## TASK:
Restate, word for word, the run of lines that starts at the line containing "6dílná zahradní sedací" and ends with the final line of the listing. Leave pictures out.

## SOURCE DATA:
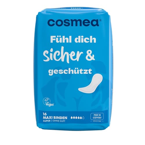 Die Cosmea Comfort Plus Maxi 3D super core Binde bietet zuverlässigen Schutz und hohen Tragekomfort. Mit ihrer atmungsaktiven und seidig-weichen Oberfläche sowie dem seitlichen Auslaufschutz und der Wäscheschutzfolie sorgt sie für ein rundum sicheres Gefühl. Diese dermatologisch mit "sehr gut" getestete Binde wird in Deutschland hergestellt und kommt im praktischen 16er-Pack.
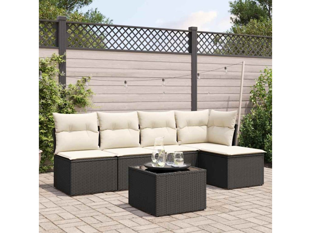6dílná zahradní sedací souprava s poduškami černá polyratan 3217526
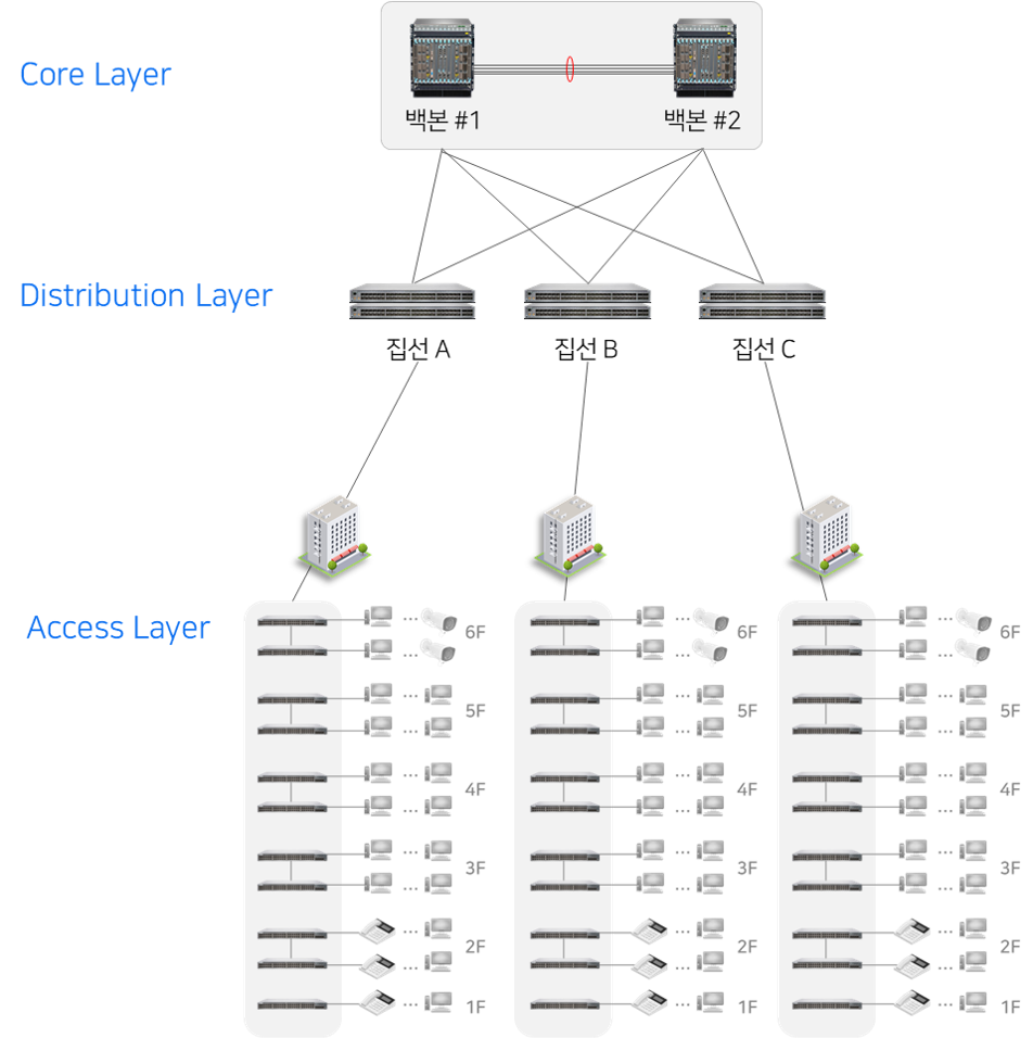 전통적인 3 Tier 계층구조를 적용하는 경우 네트워크 설계, 배치가 용이하고 신뢰성과 확장성이 높습니다. 네트워크 구조가 직관적이기 때문에 사용자(직원) PC, IP전화기, CCTV, 무선AP 등의 단말 네트워크 관리가 용이합니다.

## SOLVED PROBLEM:
6dílná zahradní sedací souprava s poduškami černá polyratan 3217526
 전통적인 3 Tier 계층구조를 적용하는 경우 네트워크 설계, 배치가 용이하고 신뢰성과 확장성이 높습니다. 네트워크 구조가 직관적이기 때문에 사용자(직원) PC, IP전화기, CCTV, 무선AP 등의 단말 네트워크 관리가 용이합니다.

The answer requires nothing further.